A gentle reminder that interfaces aren't contracts

I received a gentle reminder this evening that interfaces aren't contracts. I was attempting to bend Silverlight 2 to my will, specifically the ResourceDictionary. I really wanted the keys, and was pleased to see that it implemented IDictionary<object,object>, which would give me a collection of keys (of object). I was dismayed to see the following implementation in reflector for the Keys and Values properties.

    ICollection<object> IDictionary<object, object>.Keys
    {
        get { throw new NotImplementedException(); }
    }

    ICollection<object> IDictionary<object, object>.Values
    {
        get { throw new NotImplementedException(); }
    }

This really brought home to me that Interfaces are nice and all, but really only tell us that a type will have methods with a certain name that take certain paramters - exactly the same thing the compiler tells us about lots of other things (that is if you're in a compiled world....the benefits of interfaces seem even more marginal in more dynamically typed duck typing* languages).

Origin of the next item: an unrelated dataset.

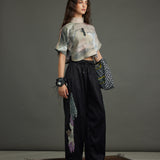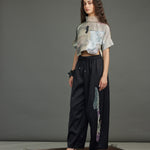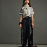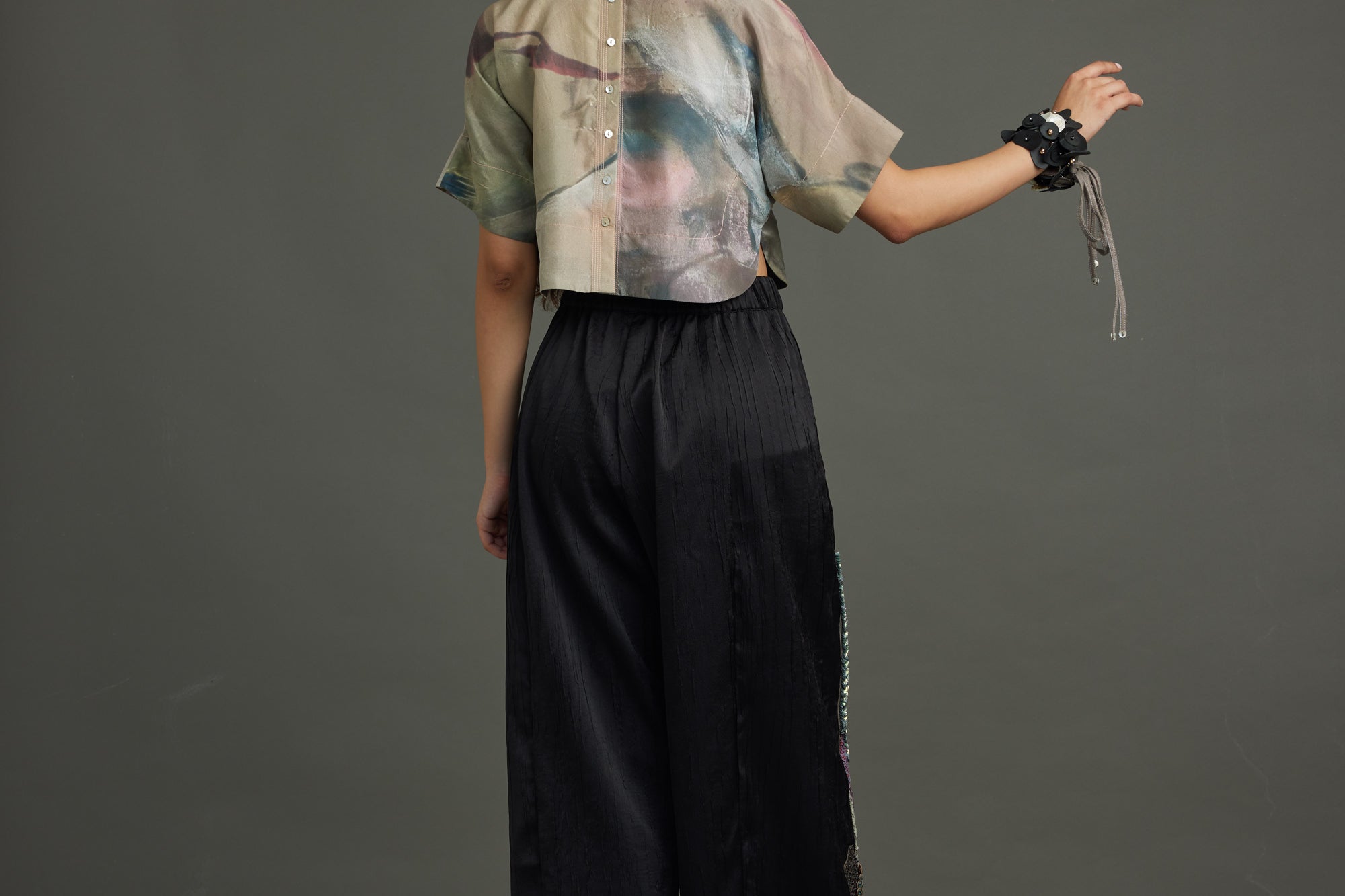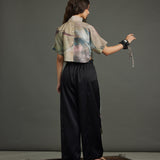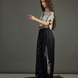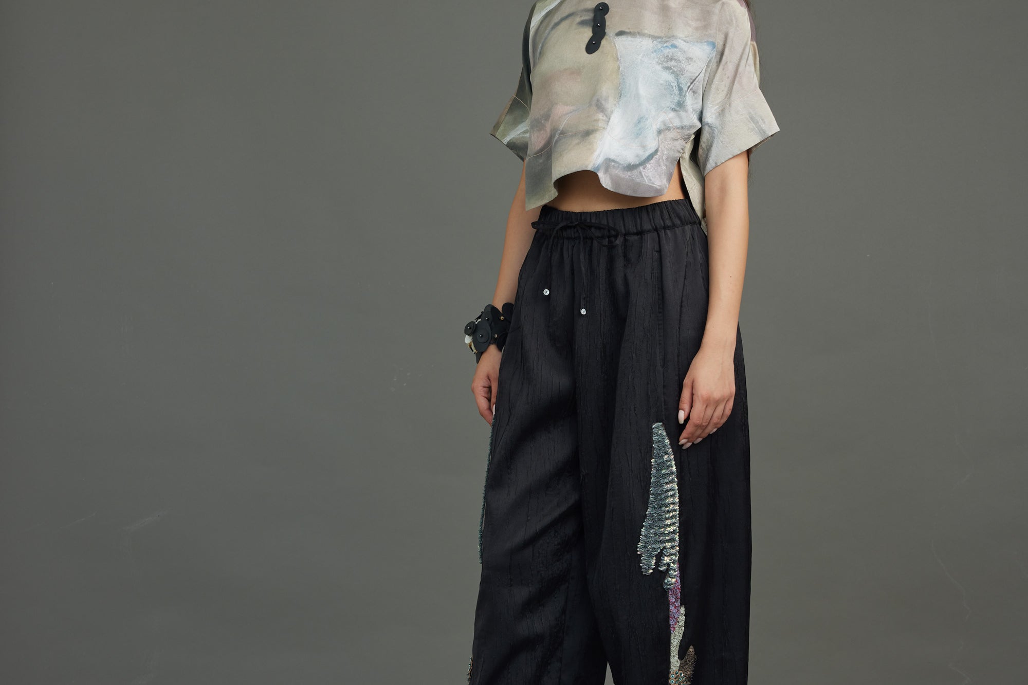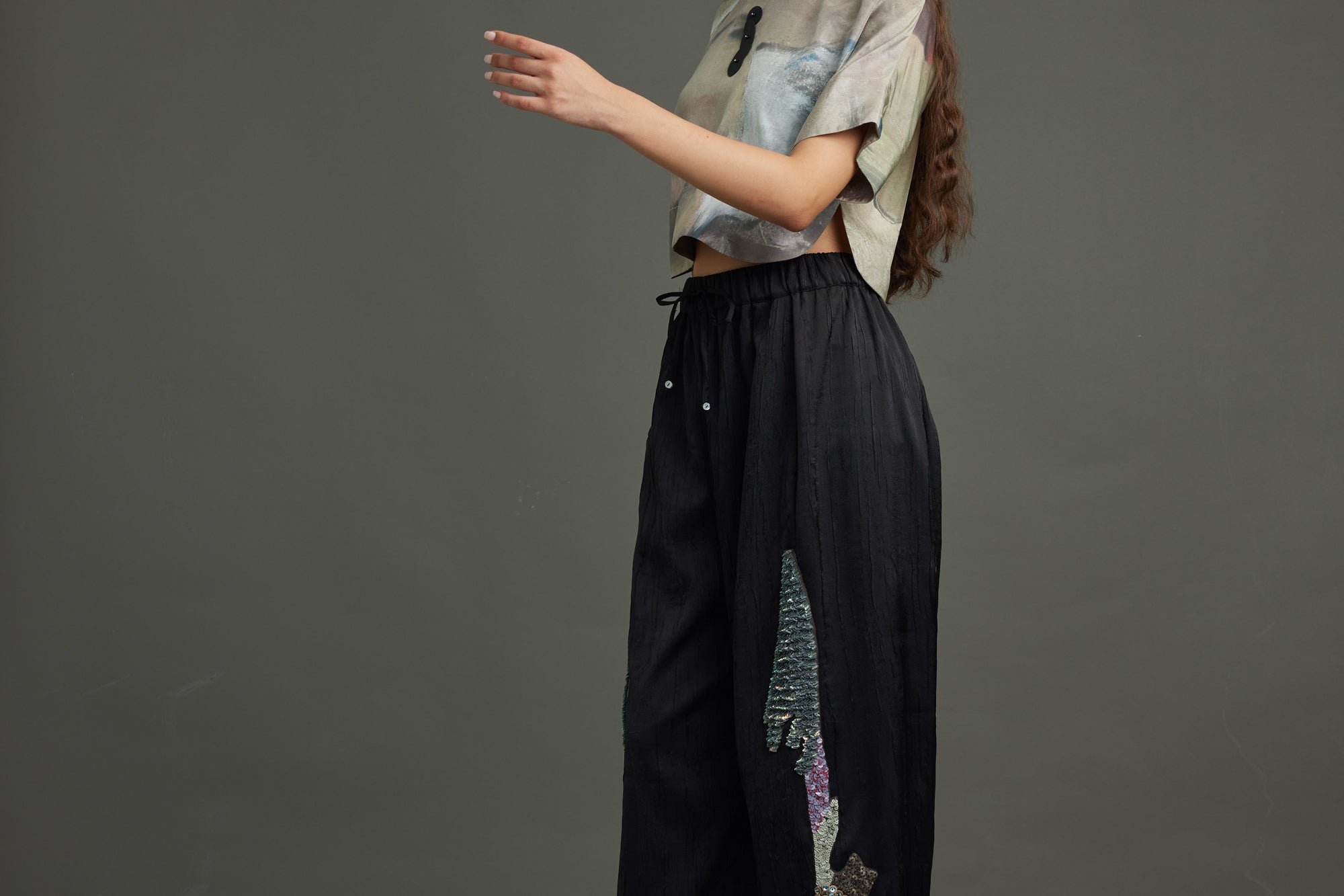 These Farshi-style pants in textured satin with inner lining in crepe feature graine signature artwork of metal and sequin hand embellishment. The elasticated waistband with drawstring provides a relaxed, adjustable fit. Princess seams on the front and back create a beautifully draped Farshi silhouette.
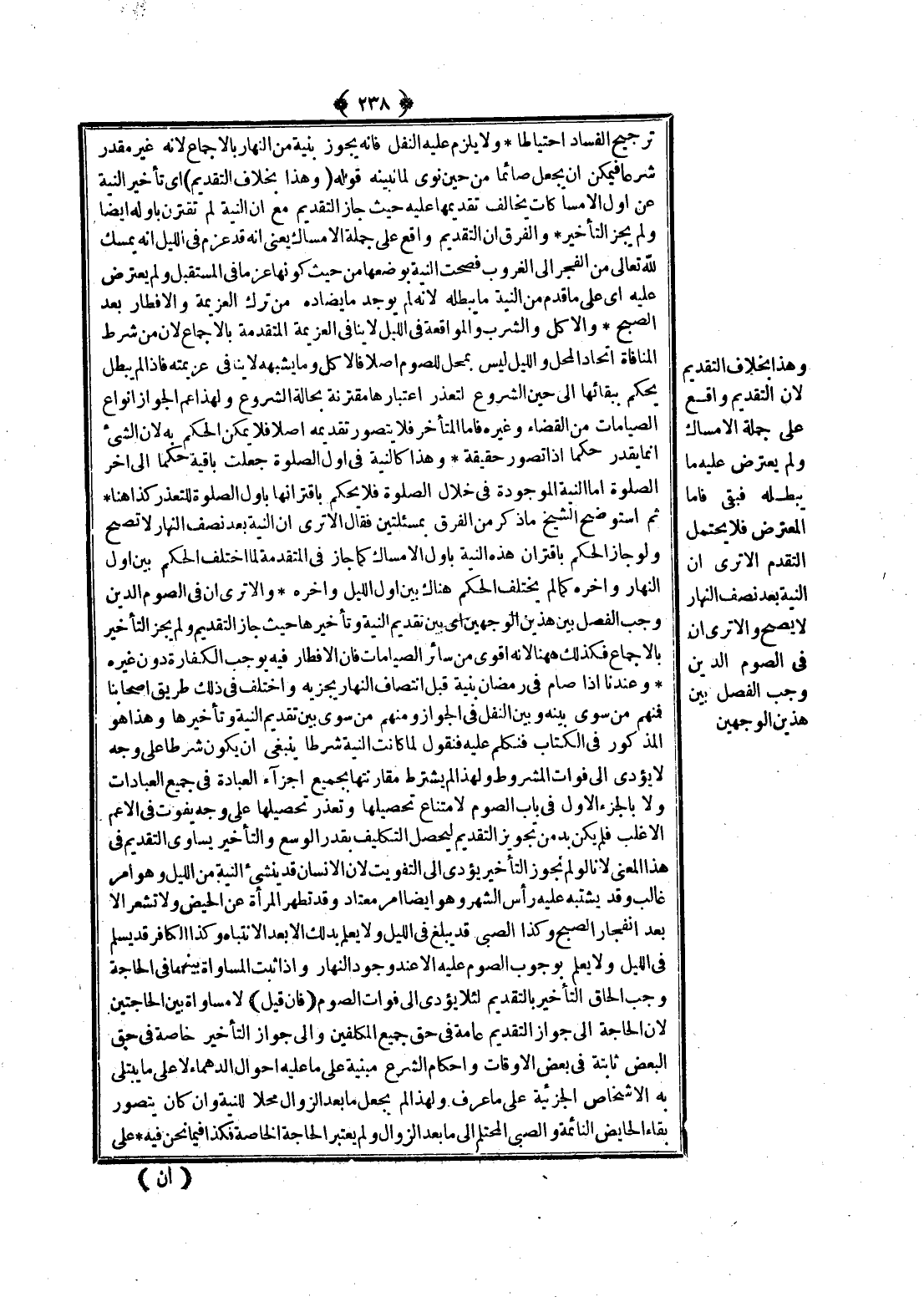 وَهَذَا بِخِلَافِ التَّقْدِيمِ لِأَنَّ التَّقْدِيمَ وَاقِعٌ عَلَى جُمْلَةِ الْإِمْسَاكِ وَلَمْ يَعْتَرِضْ عَلَيْهِ مَا يُبْطِلُهُ فَبَقِيَ فَأَمَّا الْمُعْتَرِضُ فَلَا يَحْتَمِلُ التَّقَدُّمَ أَلَا تَرَى أَنَّ النِّيَّةَ بَعْدَ نِصْفِ النَّهَارِ لَا يَصِحُّ وَأَلَا تَرَى أَنَّ فِي الصَّوْمِ الدَّيْنُ وَجَبَ الْفَصْلُ بَيْنَ هَذَيْنِ الْوَجْهَيْنِ

It doesn't guarantee that the methods will actually DO what we think they'll do (or even that they'll do anything at all except throw an exception in your face). Don't get me wrong - I like and user interfaces, but they're not a contract, more of a gentleman's agreement or shared understanding. Now if you'll excuse me I have some nasty reflection hacks I need to brutally force on the Silverlight run-time.

* Aside: speaking of duck typing, I heard of another interesting turn of phrase for monkey patching - duck punching! If it walks like a duck and flaps like a duck but doesn't quite quack the way you want it to you just punch it [chewie].